* **WHAT YOU SHOULD DO**
Within the listing below, please copy exactly the lines between the line holding "U-39 Kevin Plawecki" and the line holding "Aparador – 150", inclusive.

* **TASK MATERIAL**
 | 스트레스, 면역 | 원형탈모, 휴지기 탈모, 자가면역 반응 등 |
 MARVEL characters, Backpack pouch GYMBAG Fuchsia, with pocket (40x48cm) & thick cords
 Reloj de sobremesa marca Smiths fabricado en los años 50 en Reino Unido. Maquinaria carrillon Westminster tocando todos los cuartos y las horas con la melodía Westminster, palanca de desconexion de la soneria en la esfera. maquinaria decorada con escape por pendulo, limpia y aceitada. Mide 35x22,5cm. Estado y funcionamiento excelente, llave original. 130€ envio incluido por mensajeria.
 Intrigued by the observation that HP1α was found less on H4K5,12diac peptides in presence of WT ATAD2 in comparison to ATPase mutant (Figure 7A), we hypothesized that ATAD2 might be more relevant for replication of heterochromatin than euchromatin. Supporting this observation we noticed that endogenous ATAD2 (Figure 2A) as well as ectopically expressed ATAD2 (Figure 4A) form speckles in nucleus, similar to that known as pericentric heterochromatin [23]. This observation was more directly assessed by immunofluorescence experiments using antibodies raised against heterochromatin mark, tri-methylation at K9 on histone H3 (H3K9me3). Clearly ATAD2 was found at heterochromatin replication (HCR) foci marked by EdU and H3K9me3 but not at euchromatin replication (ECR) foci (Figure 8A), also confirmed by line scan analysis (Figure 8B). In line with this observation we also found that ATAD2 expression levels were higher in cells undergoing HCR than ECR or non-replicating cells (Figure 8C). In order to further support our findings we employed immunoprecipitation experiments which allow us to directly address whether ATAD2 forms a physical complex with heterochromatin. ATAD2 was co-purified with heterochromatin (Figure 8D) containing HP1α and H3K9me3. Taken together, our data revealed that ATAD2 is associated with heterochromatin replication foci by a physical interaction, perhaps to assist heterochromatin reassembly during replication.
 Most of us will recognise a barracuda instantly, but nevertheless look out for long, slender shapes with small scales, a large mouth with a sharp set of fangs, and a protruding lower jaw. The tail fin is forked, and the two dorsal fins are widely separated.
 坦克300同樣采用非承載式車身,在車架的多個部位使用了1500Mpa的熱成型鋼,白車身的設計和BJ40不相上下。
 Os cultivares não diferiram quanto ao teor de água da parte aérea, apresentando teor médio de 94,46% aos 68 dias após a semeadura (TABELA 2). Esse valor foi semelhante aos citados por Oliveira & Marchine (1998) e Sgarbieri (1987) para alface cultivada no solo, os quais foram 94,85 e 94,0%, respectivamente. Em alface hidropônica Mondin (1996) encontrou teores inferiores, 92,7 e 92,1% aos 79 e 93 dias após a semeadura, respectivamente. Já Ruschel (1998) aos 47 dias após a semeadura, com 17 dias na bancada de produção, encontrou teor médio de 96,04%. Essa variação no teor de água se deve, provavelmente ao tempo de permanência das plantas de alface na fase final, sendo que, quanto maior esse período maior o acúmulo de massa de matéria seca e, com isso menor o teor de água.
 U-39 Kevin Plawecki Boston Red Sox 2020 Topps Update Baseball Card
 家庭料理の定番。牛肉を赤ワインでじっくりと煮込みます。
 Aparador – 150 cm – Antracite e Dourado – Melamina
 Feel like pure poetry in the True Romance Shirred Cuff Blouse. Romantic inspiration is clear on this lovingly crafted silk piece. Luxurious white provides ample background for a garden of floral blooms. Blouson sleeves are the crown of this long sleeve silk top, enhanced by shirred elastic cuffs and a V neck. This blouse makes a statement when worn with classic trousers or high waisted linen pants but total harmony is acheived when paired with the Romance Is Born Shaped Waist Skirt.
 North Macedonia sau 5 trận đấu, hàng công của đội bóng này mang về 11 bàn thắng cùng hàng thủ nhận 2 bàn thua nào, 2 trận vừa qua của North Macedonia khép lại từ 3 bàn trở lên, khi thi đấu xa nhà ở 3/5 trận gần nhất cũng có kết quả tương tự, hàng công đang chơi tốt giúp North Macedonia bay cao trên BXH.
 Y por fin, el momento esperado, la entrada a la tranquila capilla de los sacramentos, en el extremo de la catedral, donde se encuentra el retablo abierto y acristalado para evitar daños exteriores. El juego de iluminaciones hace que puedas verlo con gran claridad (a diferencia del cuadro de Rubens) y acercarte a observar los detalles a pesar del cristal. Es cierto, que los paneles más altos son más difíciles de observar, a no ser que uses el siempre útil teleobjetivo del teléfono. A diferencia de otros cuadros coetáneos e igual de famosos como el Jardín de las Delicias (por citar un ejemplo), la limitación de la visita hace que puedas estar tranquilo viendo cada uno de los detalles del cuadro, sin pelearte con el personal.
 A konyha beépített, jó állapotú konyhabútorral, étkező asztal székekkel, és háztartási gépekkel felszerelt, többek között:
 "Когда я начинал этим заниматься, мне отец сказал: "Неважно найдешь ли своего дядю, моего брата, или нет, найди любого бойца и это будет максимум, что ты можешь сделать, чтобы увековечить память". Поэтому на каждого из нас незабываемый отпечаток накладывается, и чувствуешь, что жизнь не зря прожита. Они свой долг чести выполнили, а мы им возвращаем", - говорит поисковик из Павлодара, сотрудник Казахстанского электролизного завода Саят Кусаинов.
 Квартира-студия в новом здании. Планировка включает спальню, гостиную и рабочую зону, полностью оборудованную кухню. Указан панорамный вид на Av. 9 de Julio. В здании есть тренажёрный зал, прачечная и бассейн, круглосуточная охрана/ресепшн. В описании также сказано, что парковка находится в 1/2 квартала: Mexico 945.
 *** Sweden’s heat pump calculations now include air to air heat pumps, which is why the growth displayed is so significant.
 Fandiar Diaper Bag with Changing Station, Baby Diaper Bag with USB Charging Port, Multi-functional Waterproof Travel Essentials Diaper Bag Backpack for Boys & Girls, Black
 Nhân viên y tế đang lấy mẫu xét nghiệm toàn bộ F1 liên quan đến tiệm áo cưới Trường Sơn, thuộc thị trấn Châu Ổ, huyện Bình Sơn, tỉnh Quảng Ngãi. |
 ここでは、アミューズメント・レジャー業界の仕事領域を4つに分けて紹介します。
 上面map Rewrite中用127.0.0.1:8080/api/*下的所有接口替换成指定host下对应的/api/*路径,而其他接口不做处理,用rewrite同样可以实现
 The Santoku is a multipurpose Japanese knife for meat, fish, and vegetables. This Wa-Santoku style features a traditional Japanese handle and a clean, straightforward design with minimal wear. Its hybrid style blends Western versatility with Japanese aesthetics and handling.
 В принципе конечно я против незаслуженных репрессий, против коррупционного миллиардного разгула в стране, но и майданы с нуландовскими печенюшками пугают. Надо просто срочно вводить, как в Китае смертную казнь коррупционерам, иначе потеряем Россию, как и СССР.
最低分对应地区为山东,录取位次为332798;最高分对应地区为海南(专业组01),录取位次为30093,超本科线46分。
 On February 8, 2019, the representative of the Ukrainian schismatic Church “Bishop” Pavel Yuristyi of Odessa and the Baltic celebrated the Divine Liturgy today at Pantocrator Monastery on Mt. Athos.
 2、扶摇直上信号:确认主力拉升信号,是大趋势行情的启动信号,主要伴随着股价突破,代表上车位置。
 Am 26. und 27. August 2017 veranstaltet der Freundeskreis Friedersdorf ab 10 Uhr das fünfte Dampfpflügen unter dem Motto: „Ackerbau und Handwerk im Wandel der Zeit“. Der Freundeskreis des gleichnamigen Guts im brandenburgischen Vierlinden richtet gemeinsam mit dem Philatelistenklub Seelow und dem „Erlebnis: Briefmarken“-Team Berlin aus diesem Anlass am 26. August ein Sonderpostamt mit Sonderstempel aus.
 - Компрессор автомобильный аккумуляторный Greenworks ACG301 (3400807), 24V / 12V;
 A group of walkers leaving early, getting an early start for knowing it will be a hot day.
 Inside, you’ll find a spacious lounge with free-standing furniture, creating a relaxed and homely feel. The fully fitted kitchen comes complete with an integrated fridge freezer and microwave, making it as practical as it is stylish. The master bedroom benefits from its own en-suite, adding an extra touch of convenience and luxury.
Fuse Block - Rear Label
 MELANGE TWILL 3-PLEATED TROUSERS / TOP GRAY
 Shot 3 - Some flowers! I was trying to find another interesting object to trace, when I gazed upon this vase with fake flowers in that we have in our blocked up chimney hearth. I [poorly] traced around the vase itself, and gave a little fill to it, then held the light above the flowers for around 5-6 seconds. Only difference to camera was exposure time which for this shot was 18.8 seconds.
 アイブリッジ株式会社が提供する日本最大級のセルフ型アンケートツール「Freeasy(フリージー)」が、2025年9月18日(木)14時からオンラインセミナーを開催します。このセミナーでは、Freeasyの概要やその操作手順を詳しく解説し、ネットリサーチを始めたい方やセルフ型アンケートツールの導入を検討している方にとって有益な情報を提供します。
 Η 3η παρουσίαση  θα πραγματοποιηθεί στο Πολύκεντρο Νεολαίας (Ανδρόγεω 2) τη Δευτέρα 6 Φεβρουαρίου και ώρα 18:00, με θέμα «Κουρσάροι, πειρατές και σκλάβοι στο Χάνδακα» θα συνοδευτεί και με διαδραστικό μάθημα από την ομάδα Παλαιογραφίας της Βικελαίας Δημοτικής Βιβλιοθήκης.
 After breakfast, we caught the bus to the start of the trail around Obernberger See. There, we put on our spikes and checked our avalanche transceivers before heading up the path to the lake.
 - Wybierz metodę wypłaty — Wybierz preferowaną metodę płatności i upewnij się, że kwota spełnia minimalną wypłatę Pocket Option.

* **OUTPUT**
 U-39 Kevin Plawecki Boston Red Sox 2020 Topps Update Baseball Card
 家庭料理の定番。牛肉を赤ワインでじっくりと煮込みます。
 Aparador – 150 cm – Antracite e Dourado – Melamina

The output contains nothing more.